__PROBLEM TO SOLVE__: Each record below is to be retyped exactly, with its pictures omitted.

╔══

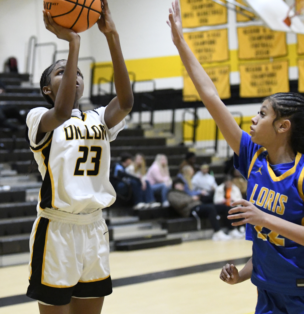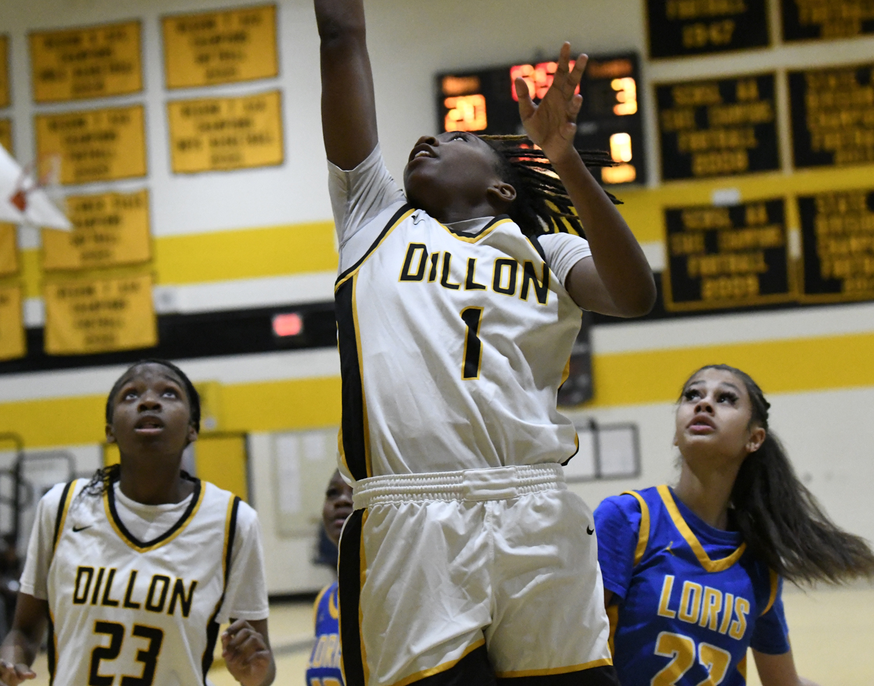 In the third quarter of play, the Lady Wildcats connected for 23 points while Loris added 8 points. Dillon committed 2 fouls while Loris committed 4 fouls.
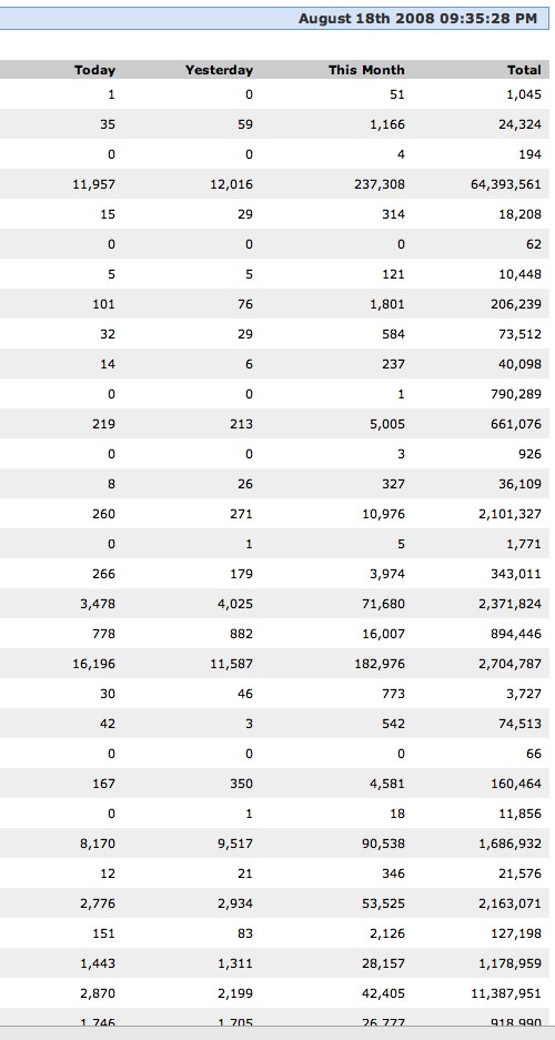 Okay, I am curious about what type of stats others have on their sites. I happen to like StatCounter. It is easy, free, and I think it keeps pretty good stats. I am going to post some pics of my stats, without site names or URLS. If others want to do the same cool. I am happy to tell what type of site these are if anyone has questions. Obviously, I have some dogs and some nice ones that bring me consistent traffic. I am a very part time webmaster, although I have lots of sites. I have a full time job, a wife and baby, and play way to much in DP P&R. I spend maybe 1 hour/per month on my sites though I keep telling myself to spend more time. Mostly all of my sites are the set it and forget it type. Many are celebrity sites. Easy traffic, low income earners. I hope the images stay up. If not, I will repost. Yea, I had a couple glasses of wine and was trying to find a way to waste more time on something that wont make me money - egro this thread. I hate posting images! Okay, added some, but I wanted full size in the thread. I will try to get that done.
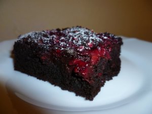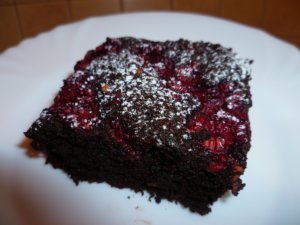 Az egész úgy kezdődött, hogy egyszer vittem kollégámnak Brownie-kóstolót. Eszegetés közben eszébe jutott, hogy még finomabb lenne málnával. 🙂 És a történet úgy folytatódik, hogy egyik szombaton unokaöcsém jött hozzánk látogatóba, és persze szereti a Brownie-t. Így nem volt kétséges, hogy mit süssek. Főleg, hogy a legutóbbi málnás süti készítésénél maradt egy kevés fagyasztott málna. Szóval, azon a szombaton még munka előtt gyorsan összedobtam. Nagy sikere volt, el is fogyott pillanatok alatt. 🙂 A Brownie-t szerintem nem kell bemutatnom, mindenki ismeri. Ami fontos, hogy ez a változat nem annyira ragacsos a közepén, inkább kissé krémes, és ez köszönhető a málnának is.
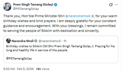 “Thank you, Hon’ble Prime Minister Shri @narendramodi Ji, for your warm birthday wishes and kind prayers. I am deeply grateful for your constant guidance and encouragement. With your blessings, I remain committed to serving the people of Sikkim with dedication and sincerity,” the CM replied.
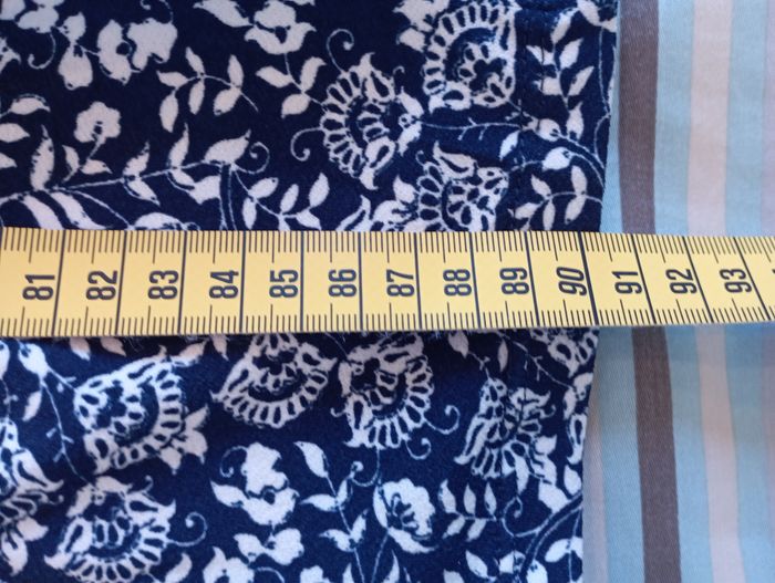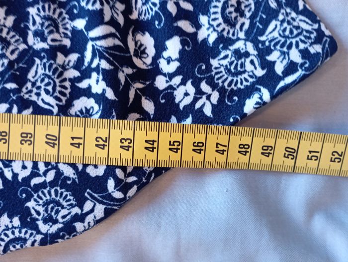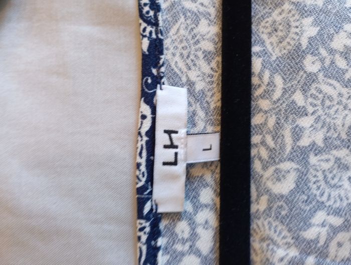 Robe Blanche et Bleu Marque : LH (La Hall) Taille : L / 40 Hauteur : 90cm (Sous genou pour 1m65) Epaule : 45cm Coupe évasée et smockée sous poitrine Col en V Manches courtes Tissu principal : 100% Viscose Doublure : 100% Coton Une question ? N'hésitez pas !

╚══

__REPLY TO THE EXERCISE__:
 In the third quarter of play, the Lady Wildcats connected for 23 points while Loris added 8 points. Dillon committed 2 fouls while Loris committed 4 fouls.
 Okay, I am curious about what type of stats others have on their sites. I happen to like StatCounter. It is easy, free, and I think it keeps pretty good stats. I am going to post some pics of my stats, without site names or URLS. If others want to do the same cool. I am happy to tell what type of site these are if anyone has questions. Obviously, I have some dogs and some nice ones that bring me consistent traffic. I am a very part time webmaster, although I have lots of sites. I have a full time job, a wife and baby, and play way to much in DP P&R. I spend maybe 1 hour/per month on my sites though I keep telling myself to spend more time. Mostly all of my sites are the set it and forget it type. Many are celebrity sites. Easy traffic, low income earners. I hope the images stay up. If not, I will repost. Yea, I had a couple glasses of wine and was trying to find a way to waste more time on something that wont make me money - egro this thread. I hate posting images! Okay, added some, but I wanted full size in the thread. I will try to get that done.
 Az egész úgy kezdődött, hogy egyszer vittem kollégámnak Brownie-kóstolót. Eszegetés közben eszébe jutott, hogy még finomabb lenne málnával. 🙂 És a történet úgy folytatódik, hogy egyik szombaton unokaöcsém jött hozzánk látogatóba, és persze szereti a Brownie-t. Így nem volt kétséges, hogy mit süssek. Főleg, hogy a legutóbbi málnás süti készítésénél maradt egy kevés fagyasztott málna. Szóval, azon a szombaton még munka előtt gyorsan összedobtam. Nagy sikere volt, el is fogyott pillanatok alatt. 🙂 A Brownie-t szerintem nem kell bemutatnom, mindenki ismeri. Ami fontos, hogy ez a változat nem annyira ragacsos a közepén, inkább kissé krémes, és ez köszönhető a málnának is.
 “Thank you, Hon’ble Prime Minister Shri @narendramodi Ji, for your warm birthday wishes and kind prayers. I am deeply grateful for your constant guidance and encouragement. With your blessings, I remain committed to serving the people of Sikkim with dedication and sincerity,” the CM replied.
 Robe Blanche et Bleu Marque : LH (La Hall) Taille : L / 40 Hauteur : 90cm (Sous genou pour 1m65) Epaule : 45cm Coupe évasée et smockée sous poitrine Col en V Manches courtes Tissu principal : 100% Viscose Doublure : 100% Coton Une question ? N'hésitez pas !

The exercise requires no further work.